**What the task requires:** Transcribe every line of the material below exactly, leaving out the pictures.

**Listed entries:**
◆ ◆ ◆ ◆ ◆

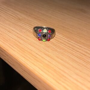 This is a vintage multi-stone sterling silver dome ring featuring turquoise, coral, gaspeite, and onyx
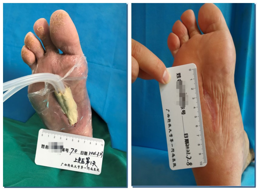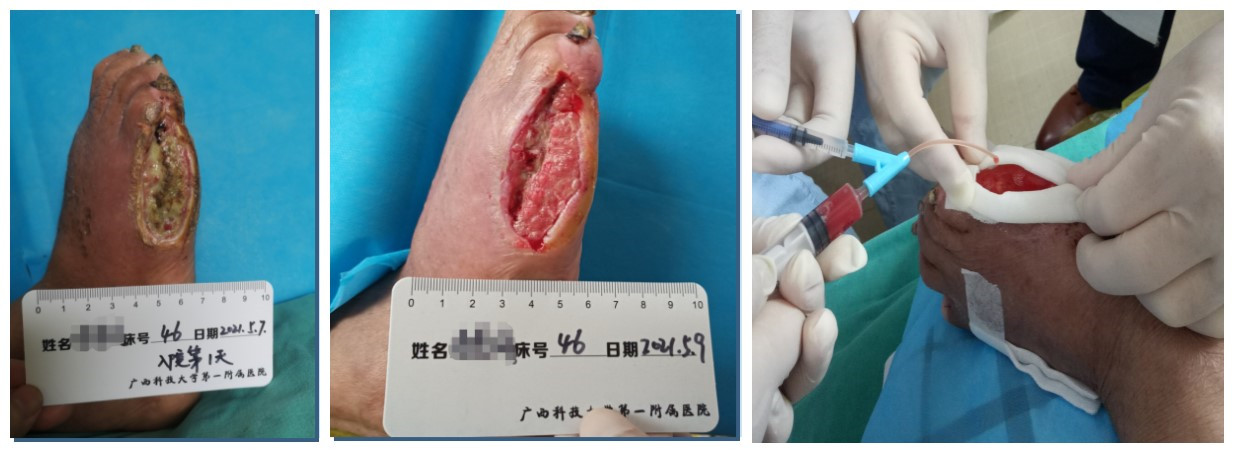 (2)难治性溃疡清创:科室多人曾赴四川大学华西医院糖尿病足诊疗中心、北京积水潭医院及广西医科大学附属医院进修学习,具备丰富清创经验,拥有国际认证的伤口治疗师。
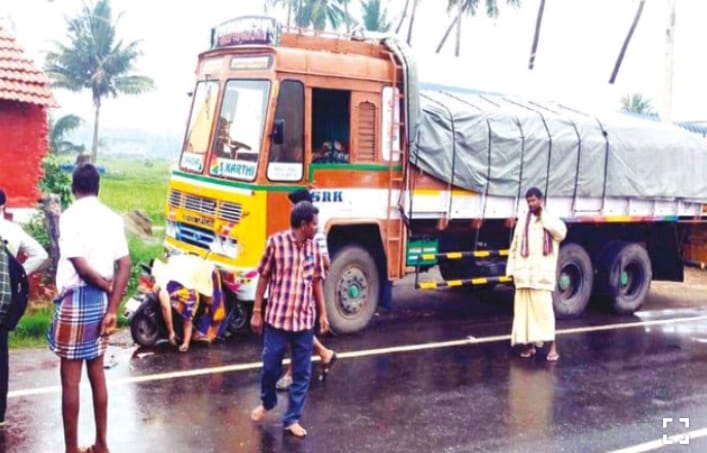 லாரி மீது ஸ்கூட்டர் மோதி விபத்து.
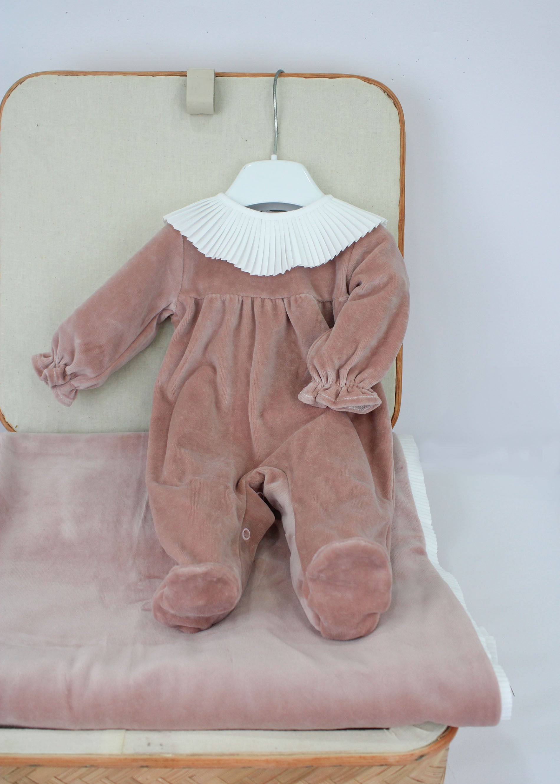 Il completo Deolinda per neonate in terracotta è l'ideale per le prime coccole. Questo set include una tutina con colletto a pagliaccio in contrasto, abbottonatura a pressione e piedini, una coperta morbida con bordino a contrasto, e un cappellino coordinato. Il delicato colore verde menta, unito ai dettagli di alta qualità, rende questo corredino perfetto per ogni occasione. Un set elegante e confortevole, che avvolge il tuo piccolo con tenerezza e stile.
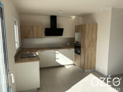 Pavillon avec trois chambres, spacieuse pièce de vie avec cuisine aménagée et équipée, salle de douche, lingerie, garage sur un terrain de 593m2 entièrement clôturé.
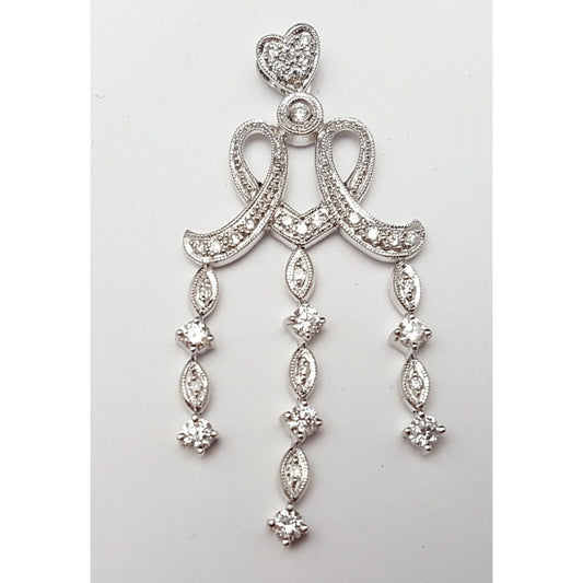 18K Solid White Gold Drop Dangle Round Cut Diamond Charm Pendant
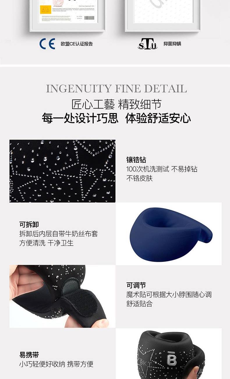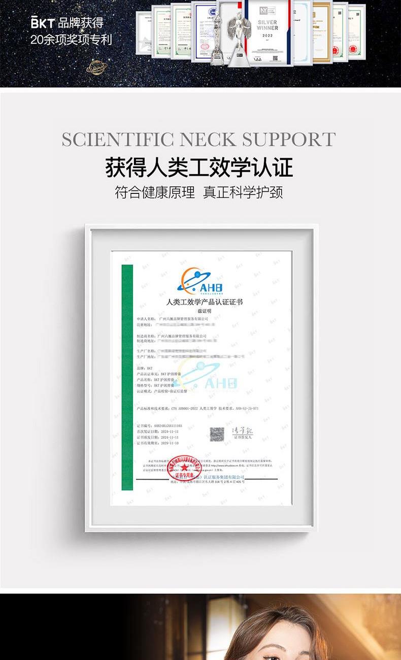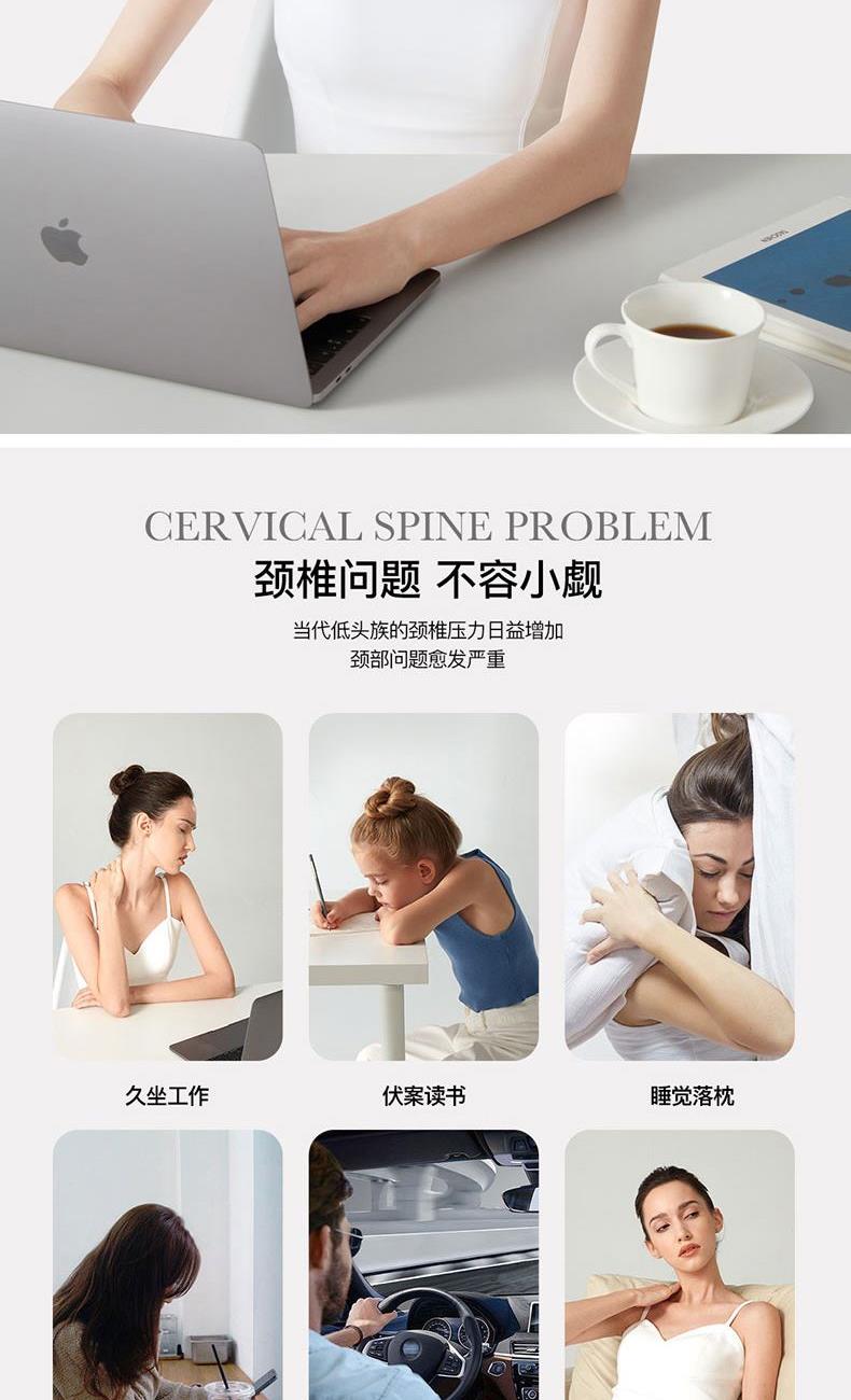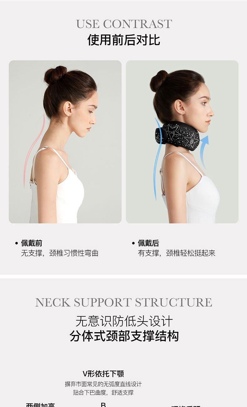 产品尺寸:182*210*91mm 产品材质:面料1:78% 锦纶 22%氨纶 面料2:85% 锦纶 15%氨纶 填充物 :聚氨酯 适宜人群:低头族/办公族/学生等长期低头人群,有不良习惯人群,需缓解疲劳与肩颈酸痛人群,需要改善体态注重颈部健康人群。
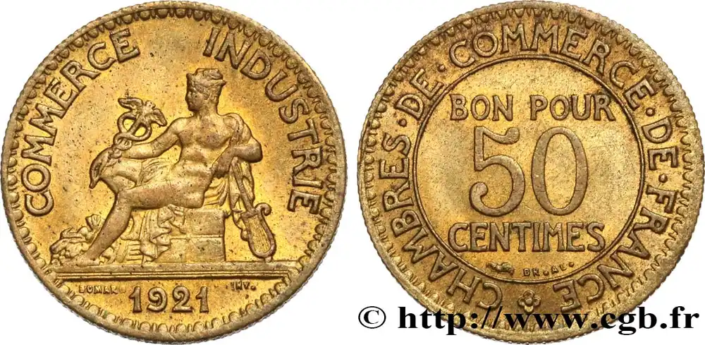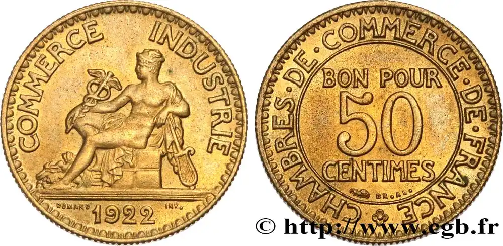 Type : 50 centimes Chambres de CommerceDate : 1922Nom de l’atelier/ville : ParisQuantité frappée : 86225994Métal : bronze-aluminiumDiamètre : 18 mmAxe des coins : 6 h.Poids : 2 g.Tranche : canneléeSlabGENI : MS65Commentaires sur l’état de conservation :Sous coque GENI MS65Référence ouvrage :Classement FRANC 2023 / FRANC 2023 classificationF.191/4AversTitulature avers : COMMERCE – INDUSTRIE.Description avers : Mercure assis à gauche, tenant un caducée ailé et appuyé sur un gouvernail ; une corne d’abondance à ses pieds ; sous un trait d’exergue 1922 et de part et d’autre DOMARD / INV..ReversTitulature revers : (ROSETTE) CHAMBRES. DE. COMMERCE. DE. FRANCE.Description revers : BON POUR / 50 / CENTIMES en trois lignes dans le champ, au-dessous Br. Al..HistoriqueTROISIÈME RÉPUBLIQUE(4/09/1870-10/07/1940) La nouvelle de la capitulation de Sedan provoque la révolution du 4 septembre 1870 à Paris. Proclamée à l’Hôtel de Ville, la République est dotée d’un gouvernement provisoire appelé gouvernement de la Défense nationale. Menacé à gauche par l’insurrection de la Commune et à droite par les monarchistes, le nouveau régime connaît des débuts difficiles. Chef du pouvoir exécutif dans un premier temps (février 1871), Thiers est chargé de réorganiser le pays avant de choisir sa forme de gouvernement. Il devient président de la République en août 1871 et, malgré son action de libération du territoire, doit quitter son poste en mars 1873 face à l’opposition royaliste. Il est alors remplacé par Mac-Mahon favorable au rétablissement de la monarchie mais celle-ci n’est pas restaurée à la suite de la question du drapeau. La loi du septennat est alors mise en place en novembre 1873 puis, en 1875, sont votées les lois fondamentales qui servent de Constitution à la Troisième République. Régime parlementaire, elle se caractérise notamment par la nette prépondérance du pouvoir législatif sur le pouvoir exécutif. Anticléricale, la Troisième République rend l’école gratuite, laïque et obligatoire mais continue la politique coloniale pour ses ambitions économiques, stratégiques et morales. La séparation des Églises et de l’État est votée en 1905. L’idée d’une revanche sur l’Allemagne et un nationalisme important sont au cœur de la crise boulangiste, du scandale de Panama ou de l’affaire Dreyfus des années 1886-1899 tandis que la politique étrangère est très active notamment au Maroc et que la course aux armements se développe. La Première Guerre mondiale coûte cher à la France qui ne se relève qu’à partir de 1920 voire 1928 pour la monnaie avec le franc « Poincaré ». La crise de 1929 ne se fait sentir qu’à partir de 1932 mais dure jusqu’en 1939, période durant laquelle l’instabilité ministérielle est très importante. Vacillant en 1934, la Troisième République trouve un nouveau ciment unitaire avec l’antifascisme qui permet l’arrivée au pouvoir du Front populaire en 1936. Mais, paralysée face à l’Allemagne, la France va alors s’enliser dans une « drôle de guerre » puis connaître l’une des plus grandes défaites de son histoire en juin 1940. Réunies en Assemblée nationale à Vichy le 10 juillet 1940, les Chambres, pourtant élues en 1936, votent les pleins pouvoirs à Pétain dans une sorte de suicide collectif par 569 voix pour, 80 voix contre et 18 abstentions.
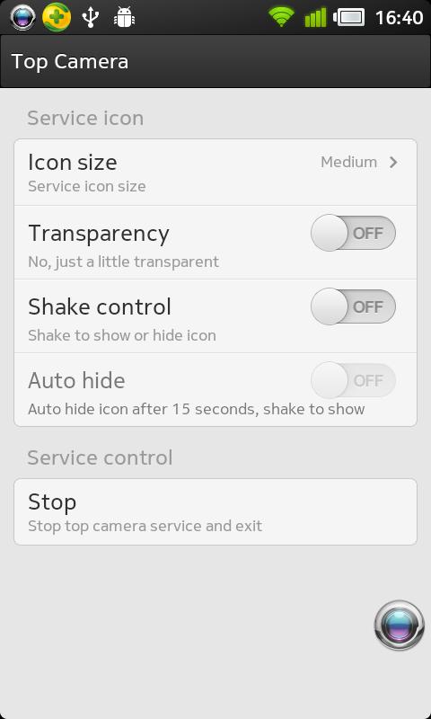 This app provides a camera button always on the top of the screen! Whatever you are doing (playing games, surfing the internet, or use any other apps) on the phone, you can click this float button to launch the camera, and then have a quick shot. It is really on the top of anything. Never miss any scene that is worth capturing.
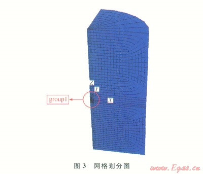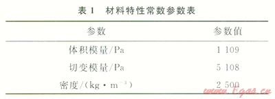 圖3中,1/4圓柱體模擬儲(chǔ)氣庫(kù)溶腔周?chē)牡刭|(zhì)環(huán)境,其直徑是儲(chǔ)氣庫(kù)溶腔模型最大直徑的20倍,在網(wǎng)格中間位置可以看到儲(chǔ)氣庫(kù)溶腔輪廓的1/4。在網(wǎng)格劃分時(shí)將儲(chǔ)氣庫(kù)溶腔網(wǎng)格一起劃分,有助于儲(chǔ)氣庫(kù)溶腔的形成。在此網(wǎng)格中,定義了2個(gè)組,分別是group1和group2,前者對(duì)儲(chǔ)氣庫(kù)溶腔進(jìn)行網(wǎng)格劃分,后者對(duì)儲(chǔ)氣庫(kù)溶腔周?chē)刭|(zhì)環(huán)境進(jìn)行網(wǎng)格劃分。選擇采用各向同性彈性模型,其材料特性常數(shù)見(jiàn)表1。
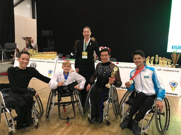 На международных соревнованиях Кубок мира - Кубок Континентов по танцам на колясках. Второй слева Алексей Журавлев, в центре глава Федерации современного и спортивного танца Алия Тусупбекова. Фото © Урджарский ДПМСУ
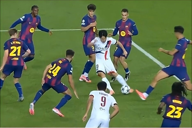 대신 이강인은 커리어에 남을 '인생 사진'을 건졌다. 바르셀로나 페널티지역 안에서 무려 7명의 바르셀로나 선수들이 자신을 막기 위해 인근 공간을 둘러싼 장면이 중계화면에 그대로 담긴 것이다. 이강인이 돌파 이후 슈팅까지 시도했으나 공이 골대를 강타하며 찬스가 무산된 그 상황이었다.
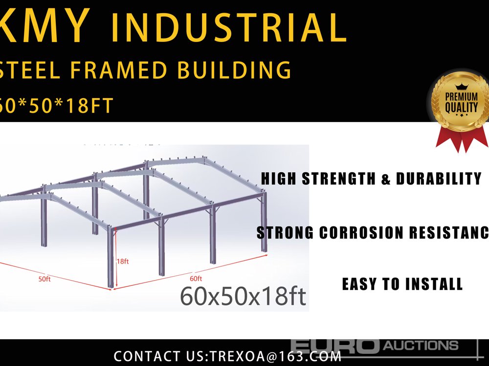 Unused 2025 KMY Industrial 18.3x15.24x5.5m Galvanized Steel Framed Building (GCC DUTIES NOT PAID) - 680007346
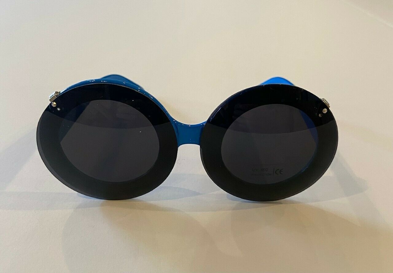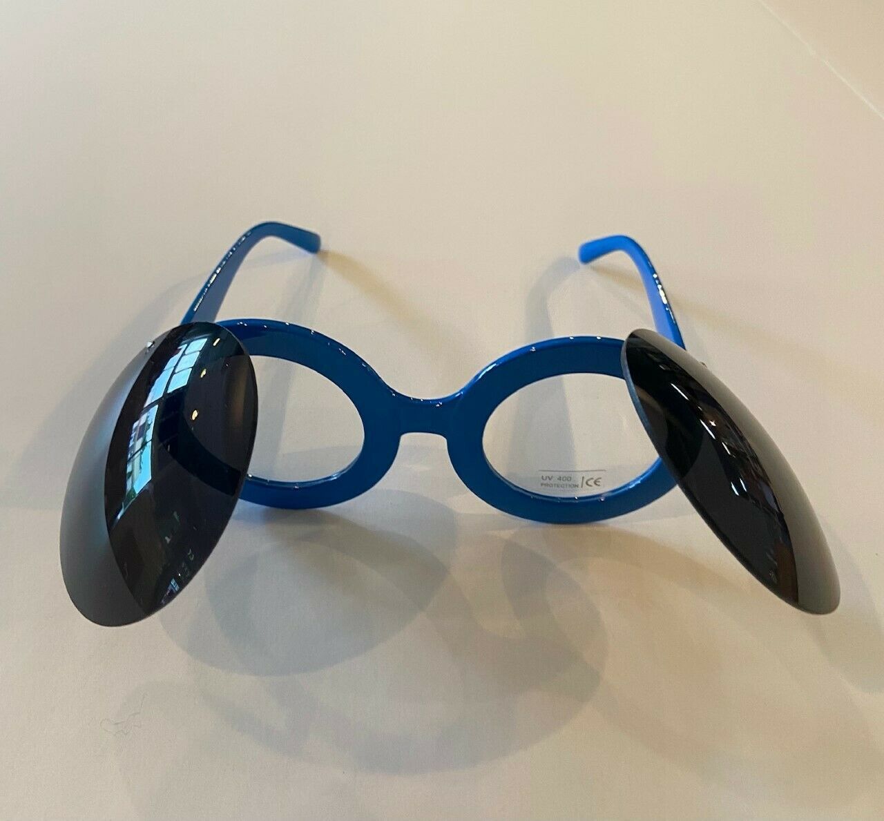 ROUND GLASSES BLUE FRAME ROUND FLIP BLACK LENZES GREAT HALLOWEEN ACCESSORIES
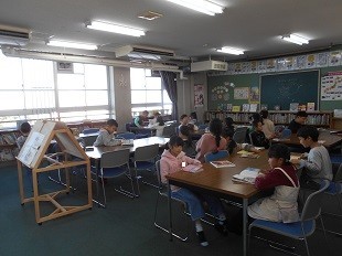 落ち着いた雰囲気で読書をしています。冬休みは,少し長めの本に挑戦してみようね!
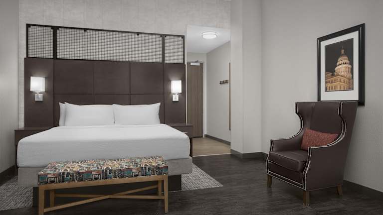 Die Zimmer im Hampton Inn and Suites Austin University Capitol sind hell und modern eingerichtet. Jedes Zimmer verfügt über einen Schreibtisch, einen ergonomischen Stuhl, kostenfreies WLAN und einen Flachbild-TV mit kostenfreien Filmkanälen. Zur weiteren Ausstattung gehören eine Kaffeemaschine, ein Kühlschrank und eine Mikrowelle.

◆ ◆ ◆ ◆ ◆

**Output for this task:**
 This is a vintage multi-stone sterling silver dome ring featuring turquoise, coral, gaspeite, and onyx
 (2)难治性溃疡清创:科室多人曾赴四川大学华西医院糖尿病足诊疗中心、北京积水潭医院及广西医科大学附属医院进修学习,具备丰富清创经验,拥有国际认证的伤口治疗师。
 லாரி மீது ஸ்கூட்டர் மோதி விபத்து.
 Il completo Deolinda per neonate in terracotta è l'ideale per le prime coccole. Questo set include una tutina con colletto a pagliaccio in contrasto, abbottonatura a pressione e piedini, una coperta morbida con bordino a contrasto, e un cappellino coordinato. Il delicato colore verde menta, unito ai dettagli di alta qualità, rende questo corredino perfetto per ogni occasione. Un set elegante e confortevole, che avvolge il tuo piccolo con tenerezza e stile.
 Pavillon avec trois chambres, spacieuse pièce de vie avec cuisine aménagée et équipée, salle de douche, lingerie, garage sur un terrain de 593m2 entièrement clôturé.
 18K Solid White Gold Drop Dangle Round Cut Diamond Charm Pendant
 产品尺寸:182*210*91mm 产品材质:面料1:78% 锦纶 22%氨纶 面料2:85% 锦纶 15%氨纶 填充物 :聚氨酯 适宜人群:低头族/办公族/学生等长期低头人群,有不良习惯人群,需缓解疲劳与肩颈酸痛人群,需要改善体态注重颈部健康人群。
 Type : 50 centimes Chambres de CommerceDate : 1922Nom de l’atelier/ville : ParisQuantité frappée : 86225994Métal : bronze-aluminiumDiamètre : 18 mmAxe des coins : 6 h.Poids : 2 g.Tranche : canneléeSlabGENI : MS65Commentaires sur l’état de conservation :Sous coque GENI MS65Référence ouvrage :Classement FRANC 2023 / FRANC 2023 classificationF.191/4AversTitulature avers : COMMERCE – INDUSTRIE.Description avers : Mercure assis à gauche, tenant un caducée ailé et appuyé sur un gouvernail ; une corne d’abondance à ses pieds ; sous un trait d’exergue 1922 et de part et d’autre DOMARD / INV..ReversTitulature revers : (ROSETTE) CHAMBRES. DE. COMMERCE. DE. FRANCE.Description revers : BON POUR / 50 / CENTIMES en trois lignes dans le champ, au-dessous Br. Al..HistoriqueTROISIÈME RÉPUBLIQUE(4/09/1870-10/07/1940) La nouvelle de la capitulation de Sedan provoque la révolution du 4 septembre 1870 à Paris. Proclamée à l’Hôtel de Ville, la République est dotée d’un gouvernement provisoire appelé gouvernement de la Défense nationale. Menacé à gauche par l’insurrection de la Commune et à droite par les monarchistes, le nouveau régime connaît des débuts difficiles. Chef du pouvoir exécutif dans un premier temps (février 1871), Thiers est chargé de réorganiser le pays avant de choisir sa forme de gouvernement. Il devient président de la République en août 1871 et, malgré son action de libération du territoire, doit quitter son poste en mars 1873 face à l’opposition royaliste. Il est alors remplacé par Mac-Mahon favorable au rétablissement de la monarchie mais celle-ci n’est pas restaurée à la suite de la question du drapeau. La loi du septennat est alors mise en place en novembre 1873 puis, en 1875, sont votées les lois fondamentales qui servent de Constitution à la Troisième République. Régime parlementaire, elle se caractérise notamment par la nette prépondérance du pouvoir législatif sur le pouvoir exécutif. Anticléricale, la Troisième République rend l’école gratuite, laïque et obligatoire mais continue la politique coloniale pour ses ambitions économiques, stratégiques et morales. La séparation des Églises et de l’État est votée en 1905. L’idée d’une revanche sur l’Allemagne et un nationalisme important sont au cœur de la crise boulangiste, du scandale de Panama ou de l’affaire Dreyfus des années 1886-1899 tandis que la politique étrangère est très active notamment au Maroc et que la course aux armements se développe. La Première Guerre mondiale coûte cher à la France qui ne se relève qu’à partir de 1920 voire 1928 pour la monnaie avec le franc « Poincaré ». La crise de 1929 ne se fait sentir qu’à partir de 1932 mais dure jusqu’en 1939, période durant laquelle l’instabilité ministérielle est très importante. Vacillant en 1934, la Troisième République trouve un nouveau ciment unitaire avec l’antifascisme qui permet l’arrivée au pouvoir du Front populaire en 1936. Mais, paralysée face à l’Allemagne, la France va alors s’enliser dans une « drôle de guerre » puis connaître l’une des plus grandes défaites de son histoire en juin 1940. Réunies en Assemblée nationale à Vichy le 10 juillet 1940, les Chambres, pourtant élues en 1936, votent les pleins pouvoirs à Pétain dans une sorte de suicide collectif par 569 voix pour, 80 voix contre et 18 abstentions.
 This app provides a camera button always on the top of the screen! Whatever you are doing (playing games, surfing the internet, or use any other apps) on the phone, you can click this float button to launch the camera, and then have a quick shot. It is really on the top of anything. Never miss any scene that is worth capturing.
 圖3中,1/4圓柱體模擬儲(chǔ)氣庫(kù)溶腔周?chē)牡刭|(zhì)環(huán)境,其直徑是儲(chǔ)氣庫(kù)溶腔模型最大直徑的20倍,在網(wǎng)格中間位置可以看到儲(chǔ)氣庫(kù)溶腔輪廓的1/4。在網(wǎng)格劃分時(shí)將儲(chǔ)氣庫(kù)溶腔網(wǎng)格一起劃分,有助于儲(chǔ)氣庫(kù)溶腔的形成。在此網(wǎng)格中,定義了2個(gè)組,分別是group1和group2,前者對(duì)儲(chǔ)氣庫(kù)溶腔進(jìn)行網(wǎng)格劃分,后者對(duì)儲(chǔ)氣庫(kù)溶腔周?chē)刭|(zhì)環(huán)境進(jìn)行網(wǎng)格劃分。選擇采用各向同性彈性模型,其材料特性常數(shù)見(jiàn)表1。
 На международных соревнованиях Кубок мира - Кубок Континентов по танцам на колясках. Второй слева Алексей Журавлев, в центре глава Федерации современного и спортивного танца Алия Тусупбекова. Фото © Урджарский ДПМСУ
 대신 이강인은 커리어에 남을 '인생 사진'을 건졌다. 바르셀로나 페널티지역 안에서 무려 7명의 바르셀로나 선수들이 자신을 막기 위해 인근 공간을 둘러싼 장면이 중계화면에 그대로 담긴 것이다. 이강인이 돌파 이후 슈팅까지 시도했으나 공이 골대를 강타하며 찬스가 무산된 그 상황이었다.
 Unused 2025 KMY Industrial 18.3x15.24x5.5m Galvanized Steel Framed Building (GCC DUTIES NOT PAID) - 680007346
 ROUND GLASSES BLUE FRAME ROUND FLIP BLACK LENZES GREAT HALLOWEEN ACCESSORIES
 落ち着いた雰囲気で読書をしています。冬休みは,少し長めの本に挑戦してみようね!
 Die Zimmer im Hampton Inn and Suites Austin University Capitol sind hell und modern eingerichtet. Jedes Zimmer verfügt über einen Schreibtisch, einen ergonomischen Stuhl, kostenfreies WLAN und einen Flachbild-TV mit kostenfreien Filmkanälen. Zur weiteren Ausstattung gehören eine Kaffeemaschine, ein Kühlschrank und eine Mikrowelle.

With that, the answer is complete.